İşçi ve emekçilerin devrimci seçim çalışmamıza karşı gösterdikleri tutumu somutlamak bakımından İstanbul’daki final etkinliği sırasında ortaya çıkan tablo örnek olarak verilebilir. Burjuva partilerinin çoğunun üs kurarak ablukaya aldığı Kadıköy iskelesinde yapılan etkinlik sırasında toplanan kalabalık, önce eylemimize mesafeli-soğuk ve hatta yer yer bazıları şahsında küçümseyici yaklaşmıştır. Fakat daha sonra kendinden emin, kararlı ve tok duruşumuz ve seçim oyununu teşhir edip yerine sınıf mücadelesini, devrimi ve sosyalizmi öne süren propagandamız karşısında bu yaklaşım yerini meraka ve ilgiye bırakmıştır. En sonunda ise etkinliğimizi bitiren aday konuşmasını alkışlamışlardır. Bu arada olumsuz tepki gösteren bir kişi de bizzat bu kalabalıktan insanlar tarafından uzaklaştırılmıştır .

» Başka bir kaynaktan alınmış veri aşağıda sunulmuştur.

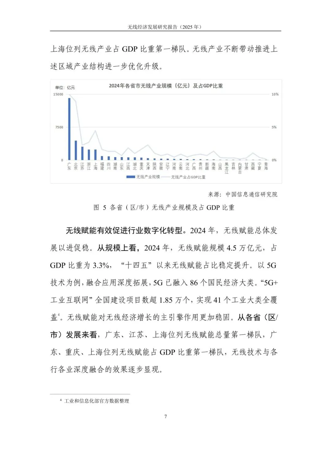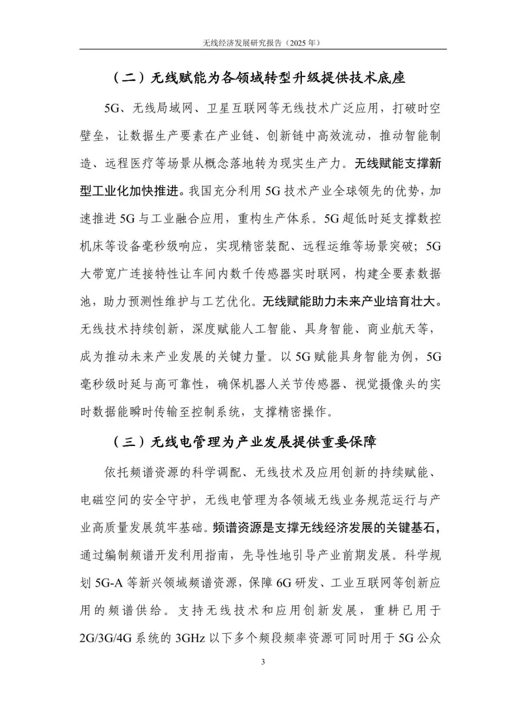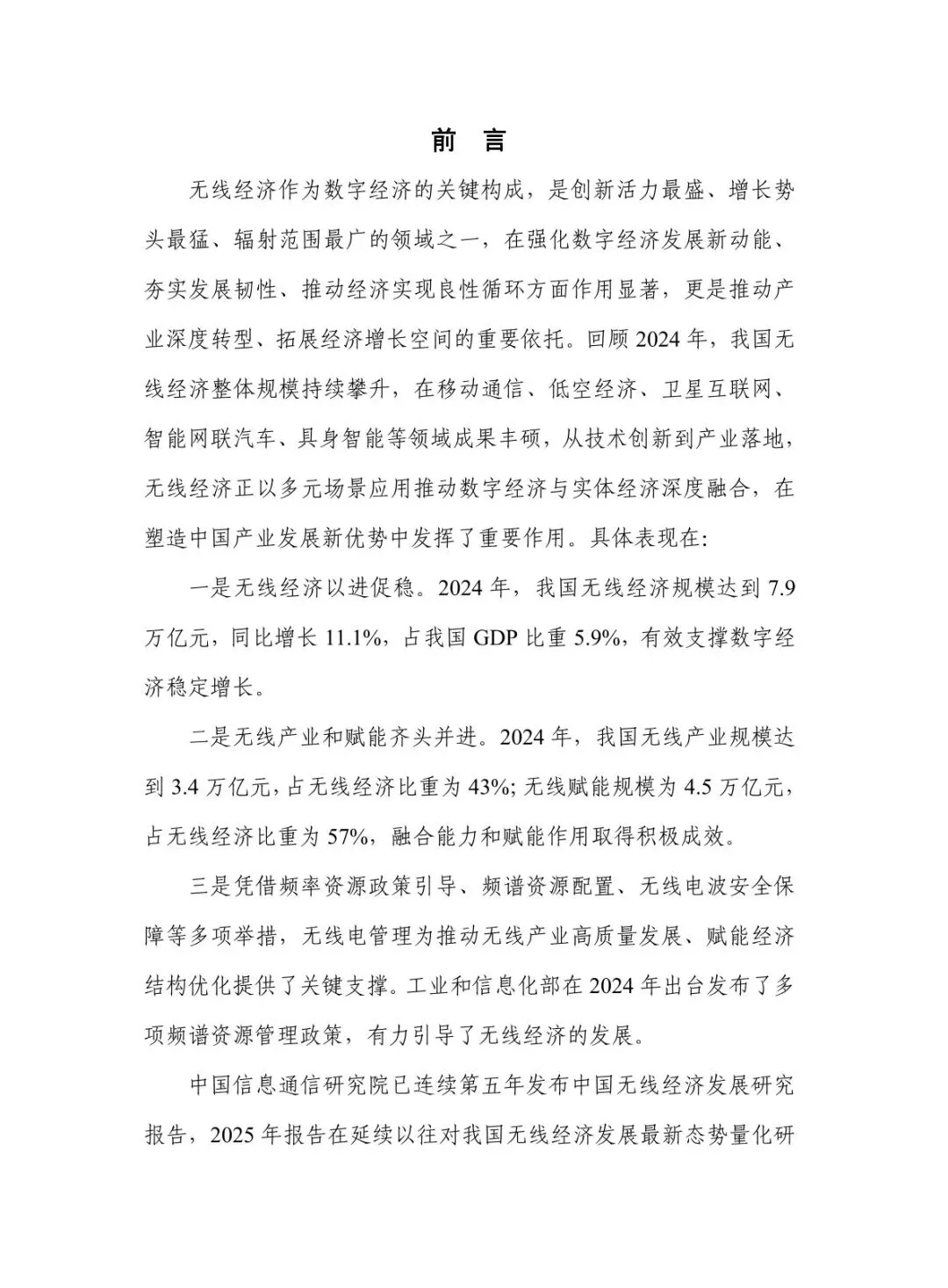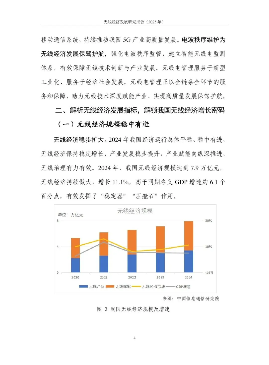 规模稳步增长,结构持续优化:2024 年无线经济规模达 7.9 万亿元,高于同期名义 GDP 增速 6.1 个百分点,占 GDP 比重从 “十四五” 初期的 5.3% 提升至 5.9%。无线产业占比 43%,电子信息制造业与服务业齐头并进,智能手机产量 12.5 亿台、移动物联网业务收入增长 13.3%;无线赋能占比 57%,5G 融入 86 个国民经济大类,“5G + 工业互联网” 项目超 1.85 万个,赋能各行业数字化转型。 核心技术突破,创新应用拓展:5G-A 实现全方位增强,330 余个城市启动部署,无源物联、通感一体等技术推动场景规模化;6G 技术攻关取得进展,“智简内生 6G 原型系统” 实现 6.6Gbps 传输速率,3GPP 启动标准化研究。低空经济市场规模预计 2025 年达 1.5 万亿元,政策与技术双轮驱动;商业航天加速发展,“千帆星座”“吉林一号” 等组网推进,手机直连卫星技术迈入大众消费市场。 基础设施超前,覆盖持续完善:截至 2025 年 7 月末,5G 基站达 459.8 万个,占移动电话基站总数 36%,实现 “乡乡通 5G”。5G 行业虚拟专网超 5.5 万个,应用案例累计超 13.8 万个。车联网建设成效显著,建成 17 个示范区、7 个先导区,开放测试道路超 2.2 万公里,C-V2X 车载终端安装量超 100 万套,支撑智能网联汽车发展。 区域特色鲜明,差异化发展:北京超前布局 6G 研发,建设创新产业集聚区与公共研发试验平台;上海大力发展商业航天,支持卫星互联网技术研发与星座建设;广东依托制造业优势,构建低空经济产业链,省级低空飞行管理服务平台上线;吉林聚焦智能网联汽车,建成 “车路云一体化” 试验线路,探索寒地解决方案;江苏推进 5G + 工业互联网,5G 工厂数量全国第一。 频谱资源赋能,治理保障有力:工业和信息化部出台多项频谱政策,重耕 3GHz 以下频段支持 5G 发展,协调卫星频率资源保障发射任务。各地无线电管理机构精准服务,北京开展频谱经济效益评估,海南保障商业航天发射无线电安全,江苏开展车联网频段专项监测。未来将提升频谱开发利用水平,推动无线技术向空天一体、通智一体、通感一体发展,强化电磁空间安全保障。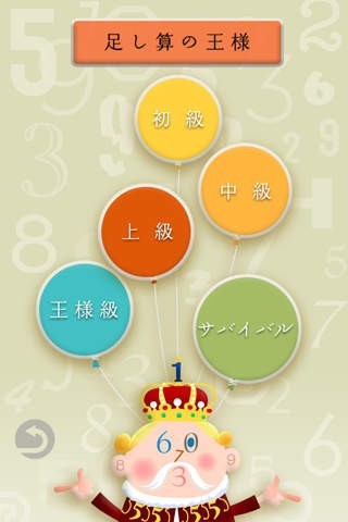 【数の王様】 次々と表示される「暗算の王様」のアイコンの数を頭の中で足して答えます。

Bu örnekte olduğu gibi, işçi ve emekçiler düzenin seçim oyunundan ne kadar etkilenirlerse etkilensinler kurulu düzeni hedefleyen, sınıf mücadelesinin gerçeklerinin ortaya konulmasına dayanan devrimci bir politikaya karşı ilgisiz kalmamakta, aksine onu belli bir sempati ve ilgiyle karşılamaktadırlar. İşçi ve emekçilerin sempatisi ve ilgisi, kurulu düzene karşı cepheden karşı duran net-tok-pürüssüz-lekesiz devrimciliğedir. Bunun böyle olmasının en temel nesnel kaynağı ise, burjuva siyasetinin yarattığı toz dumanın gerisinde her an kendisini dayatan kapitalist düzen gerçeği ve sınıf mücadelesi alanındaki yoğunlaşmış bulunan gerilim ve çatışmalarıdır.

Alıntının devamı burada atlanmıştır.